Data under study.
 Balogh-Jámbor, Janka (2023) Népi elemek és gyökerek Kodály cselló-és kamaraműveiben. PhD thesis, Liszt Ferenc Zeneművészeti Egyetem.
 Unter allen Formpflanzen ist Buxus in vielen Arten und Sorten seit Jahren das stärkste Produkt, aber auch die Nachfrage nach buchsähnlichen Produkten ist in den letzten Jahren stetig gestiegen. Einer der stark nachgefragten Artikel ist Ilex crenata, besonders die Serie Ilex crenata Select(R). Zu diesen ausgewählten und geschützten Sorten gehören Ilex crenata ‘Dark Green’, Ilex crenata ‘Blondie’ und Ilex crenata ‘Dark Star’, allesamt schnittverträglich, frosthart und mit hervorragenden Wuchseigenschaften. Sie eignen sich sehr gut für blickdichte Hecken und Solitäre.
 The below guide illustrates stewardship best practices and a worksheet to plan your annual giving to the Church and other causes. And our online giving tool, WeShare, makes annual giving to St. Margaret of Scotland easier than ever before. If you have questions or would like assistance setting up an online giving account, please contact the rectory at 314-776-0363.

---

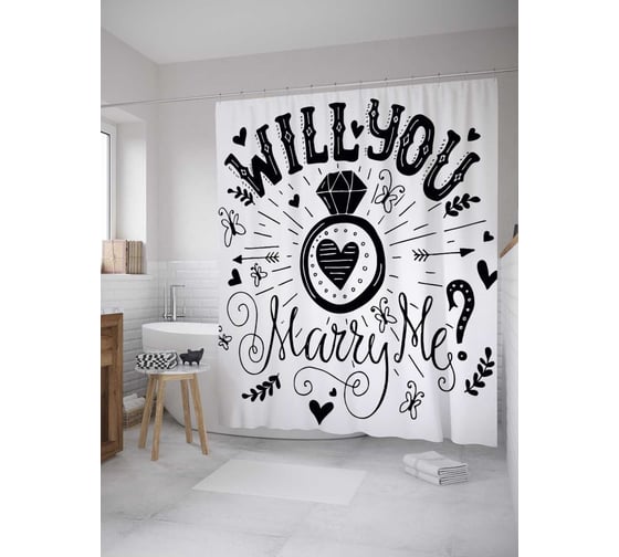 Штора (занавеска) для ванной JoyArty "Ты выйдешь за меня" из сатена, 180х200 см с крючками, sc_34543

Work item. From the data above, reproduce word for word the lines running from the line with "Unter allen Formpflanzen" to the line with "The below guide", ends included.

Answer space.
 Unter allen Formpflanzen ist Buxus in vielen Arten und Sorten seit Jahren das stärkste Produkt, aber auch die Nachfrage nach buchsähnlichen Produkten ist in den letzten Jahren stetig gestiegen. Einer der stark nachgefragten Artikel ist Ilex crenata, besonders die Serie Ilex crenata Select(R). Zu diesen ausgewählten und geschützten Sorten gehören Ilex crenata ‘Dark Green’, Ilex crenata ‘Blondie’ und Ilex crenata ‘Dark Star’, allesamt schnittverträglich, frosthart und mit hervorragenden Wuchseigenschaften. Sie eignen sich sehr gut für blickdichte Hecken und Solitäre.
 The below guide illustrates stewardship best practices and a worksheet to plan your annual giving to the Church and other causes. And our online giving tool, WeShare, makes annual giving to St. Margaret of Scotland easier than ever before. If you have questions or would like assistance setting up an online giving account, please contact the rectory at 314-776-0363.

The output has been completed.